Recent Indiana Department of Revenue decisions show strict interpretation of documentation requirements for R&D credit

Summary

Letter rulings recently issued by the Indiana Department of Revenue disallow research expense credits based on insufficient documentation (IN Department of Revenue Letters of Findings 02-20190975 & 02-20191105). Although the department acknowledged that in some cases the evidence pointed to the performance of qualifying R&D activities, the documentation was insufficient to meet the taxpayers’ burden of establishing they were entitled to claim credits for research expenses in Indiana.
 

Detail

The state of Indiana provides for an “Indiana qualified research expense” tax credit, which follows the federal credit for increasing research activities, with some modifications. Recent letter rulings delivered by the Indiana Department of Revenue have furnished a clearer understanding of the ways in which the state’s documentation requirements differ from those imposed by the Internal Revenue Code, as interpreted by the U.S. Tax Court. The state of Indiana has applied a strict interpretation, disallowing credits substantiated by employee oral evidence to calculate qualified research expenses (QREs).

The federal regulation governing substantiation requirements for research credits states that taxpayers claiming credits “must retain records in sufficiently usable form and detail to substantiate that the expenditures claimed are eligible for the credit.” In Union Carbide Corp. v. Commissioner of Internal Revenue, the courts held that employee testimony, affirmed by some documentation, was sufficient to substantiate wage QREs.

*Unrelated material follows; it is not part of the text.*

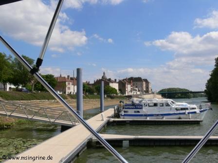 Unterhalb der Schleuse von Seurre lag das Ziel unserer heutigen ersten Etappe, der Hafen von Seurre. Da wir sehr früh hier anlegten, waren hier fast alle Plätze frei und wir hatten die große Auswahl.

The recent letter rulings released by the Indiana Department of Revenue make clear that Indiana’s interpretation of the federal statute requires particular attention to be paid to the documentation supporting QREs.

Although it is unknown whether the taxpayers at issue in the letter rulings provided compelling corroborating evidence to support employee testimony related to wage QREs, the text of the rulings suggests that no after-the-fact testimony, recollection, or interview will be permitted to support credits calculated. Per the Department of Revenue, “interviewing employees to reconstruct the activities believed to qualify (or not qualify) is insufficient in determining what employees did and whether such expenses qualify for the research credit.” Instead, documentation must be contemporaneous. While this is similar to the federal requirement, federal examiners and federal courts have accepted oral evidence in conjunction with other documentary evidence to support claims, while Indiana appears to solely accept contemporaneous documentation.